* Provided data *
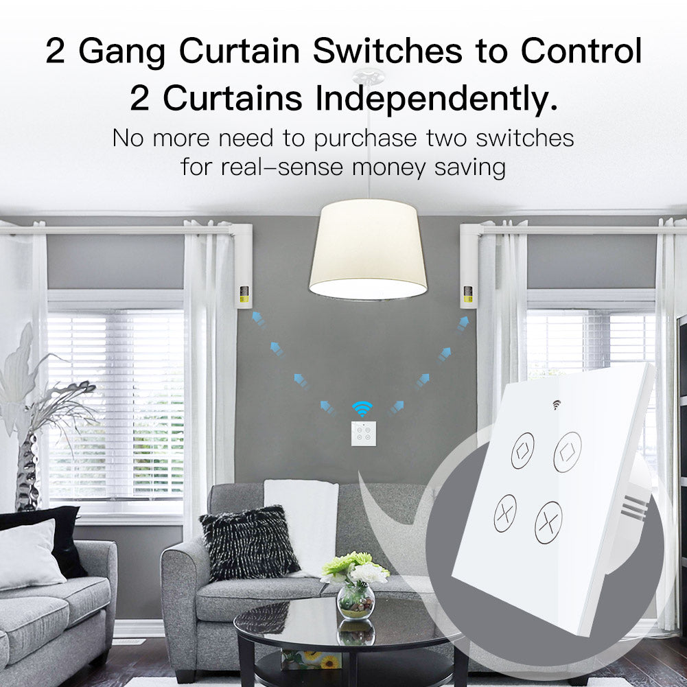 WiFi RF433 Smart 2 Gang Double Curtain Blind Touch Switch Single Pole Neutral Wire Required EU Version
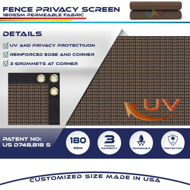 Windscreen4less Heavy Duty Privacy Screen Fence 98% Blockage Solid Brown 6'x17' Brass Grommets w/3-Year Warranty 180 GSM
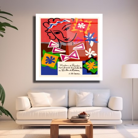 Çiçek Desenli Kadın Yüzü Cam Tablo
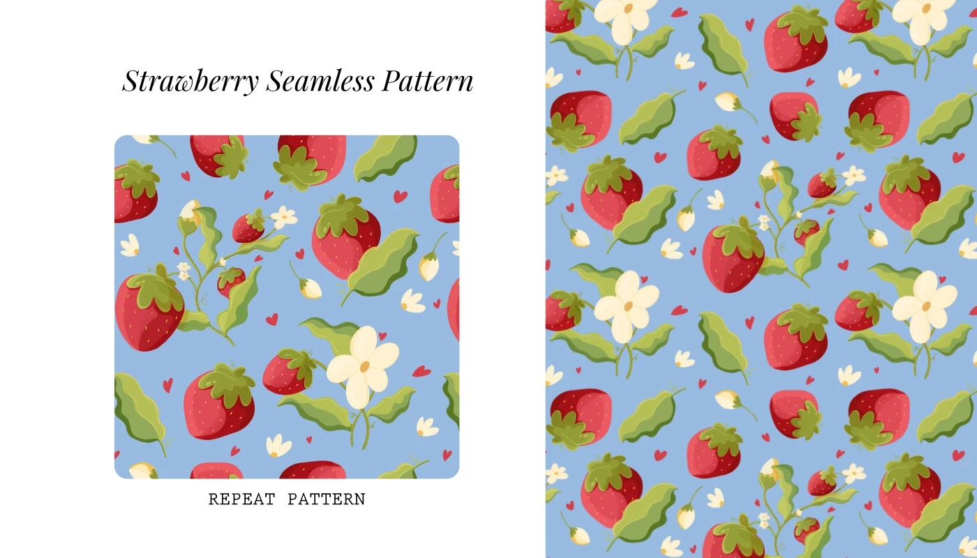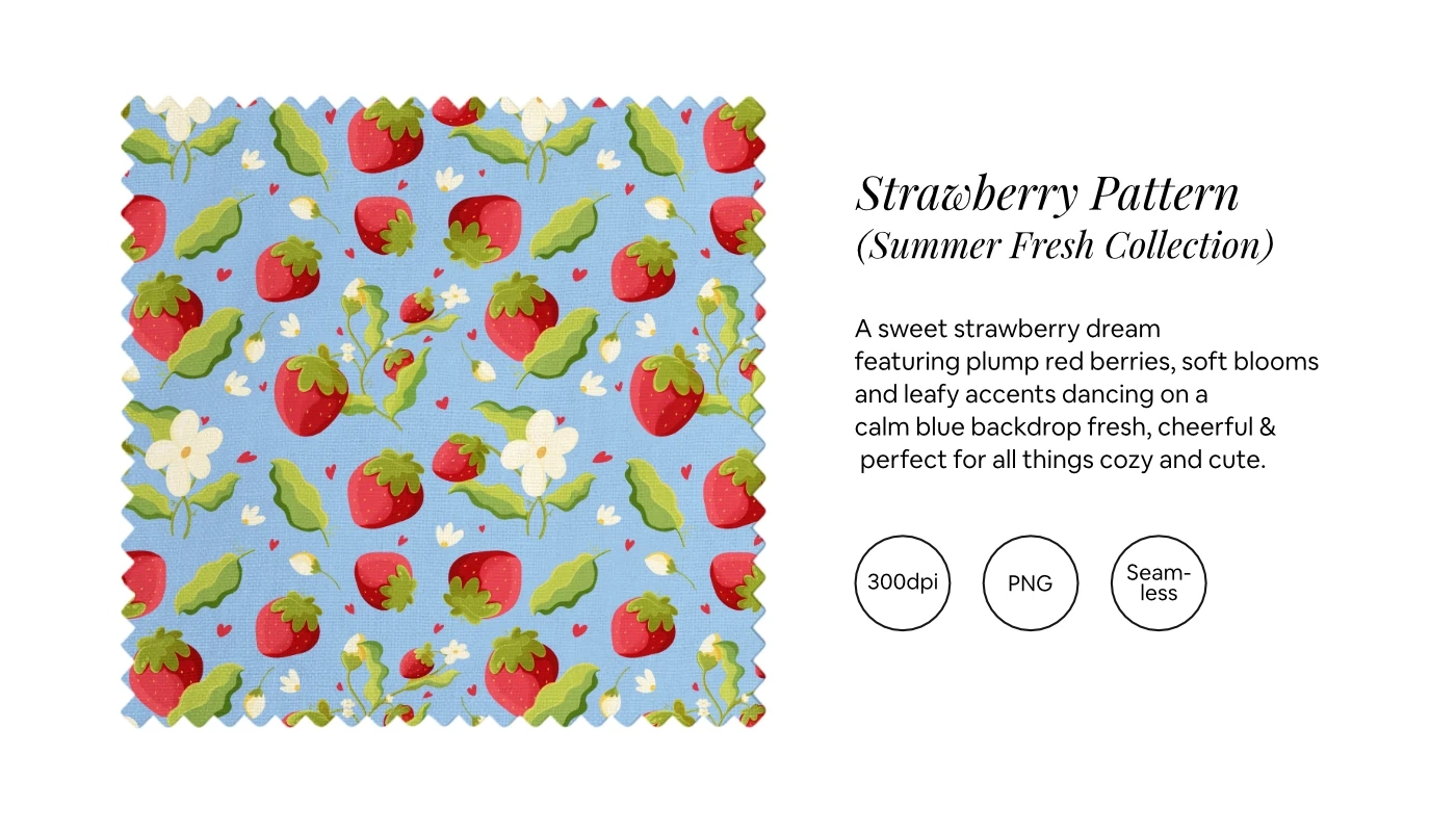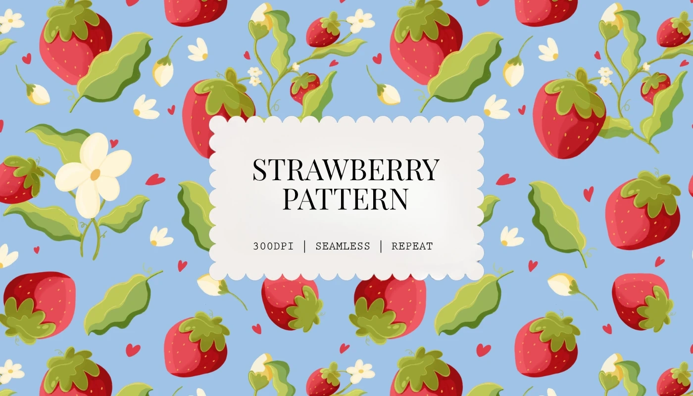 This is a sweet, cozy strawberry-themed seamless pattern Inspired by soft summer mornings, strawberries,leaves, & delicate blooms.

* Task brief *
Without the pictures, transcribe exactly the lines above from the one containing "Windscreen4less Heavy Duty" through the last.

* Solution for this task *
 Windscreen4less Heavy Duty Privacy Screen Fence 98% Blockage Solid Brown 6'x17' Brass Grommets w/3-Year Warranty 180 GSM
 Çiçek Desenli Kadın Yüzü Cam Tablo
 This is a sweet, cozy strawberry-themed seamless pattern Inspired by soft summer mornings, strawberries,leaves, & delicate blooms.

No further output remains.